I would stick to your decision. My parents will have my toddler when baby is born. When I said to them about bringing her to the hospital after baby is born they actually said they would just drop her to my husband at the entrance and wouldn't come in (which is what we wanted but they mentioned first)

Back yourself and what you want! You may really regret it if you bend just to please other people! X

They should respect your decision and allow you and baby to settle in and allow you to have those first few days with baby 👶

Please don’t change your mind, let them be annoyed, you will never get those memories back and it’s important for you to be happy with what you and your little family want, not what family and friends want. Don’t let anyone change what you want to do xx

Best thing I EVER did with my second was saying no to visitors. When I had my first our house was just a constant stream of people and I hated it. I was in pain from my csection and trying to learn how to breastfeed and it was just a joke! With my second I said no visitors until we say so. I'm having my third tomorrow and I've said the same!!! Stick to your guns babe!!! It's not a time for anyone else it's your time!! People can wait xxx

2 days only? I"ve told my partner I don't want to see anyone visiting for the first 2 months🤭 i want to get used to baby and recover after c-section not being stressed out by visitors, we'll receive visitors once ready. If they don't understand this oh well then they need to educate themselves more, to see what is happening with a woman that just gave birth...

2 days?!?! That's nothing! I wouldn't back down on that, you need some time with your new baby too! If you were saying 2 weeks I'd be a bit more understanding of them but 2 days?!?! Nah, take your 2 days, recover, have your family time.

Not to offend anyone. But I got no bloody idea what this is. Is this an English thing ladies?? I see these posts all the time and just don't get it 🤯🤯🤔🤔🙈🙈 Where I'm from no one, absolutely NO ONE got any visitors for minimum of 6 weeks. Half of the 4th trimester. Because we absolutely need this time to heal our bodies and mind and to bond with baby and establish the new family 😊😊❤️ How is it OK and acceptable in England to be bleeding to your nappy/pad, have sore leaking nipples, possibly stitches down there or c section scar and accept visitors?? Or even how is it OK for someone to assume it is fine for them to visit?? I find it rude, disrespectful and stupid AF(from the visitors) I get the pressure you might be getting. My husband is English so I told him very early on that I won't be having anyone for minimum of 1 month. Then see how I feel. He absolutely respects that and told his friends and fam and nobody dared to question it 🙌🏼🙌🏼🙌🏼

I wanted to impose this rule too… I’ve said no hospital visits as I need to stay in with baby for a day or two after… Luckily my sister and her hubby have taken my mum on holiday this week so hopefully baby will be here soon (induction Wednesday) but my mother said today that she’d see me at the weekend 😖 so nobody is actually going to listen to me saying no anyway…

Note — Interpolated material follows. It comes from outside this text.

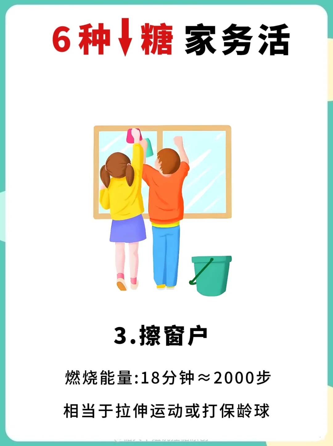 -控糖的家人们,千万不要小瞧擦窗户的运动量,它相当于拉伸运动和打保龄球❗️擦窗户18分钟,燃烧的能量相当于走2000步。还可以一边擦窗户一边哼歌或听书,帮助舒缓压力,放松心情。

@Kirsty not to be rude but apart from midwives and health visitors I would not open the door, you need this time. Your mom should defo understand your position as she's been through this when you were in her tummy😇

It’s whatever you want plus your house and kids plus quality time with family.They obligated to feel how they feel but so are you wish your own wishes.Don’t change your decision they can wait.

@Kirsty the only person I know I'm having is my mum and that's because she's my birth partner and she's helping me get established with breast feeding in the very early days. Even she's said she's got time off put aside for it and will be guided on what I want and need and that we need our time too. I'm hoping my in laws will be that understanding too. I know what you mean though, I'm hoping my partner will back me up or I'll be able to at least limit it to our parents.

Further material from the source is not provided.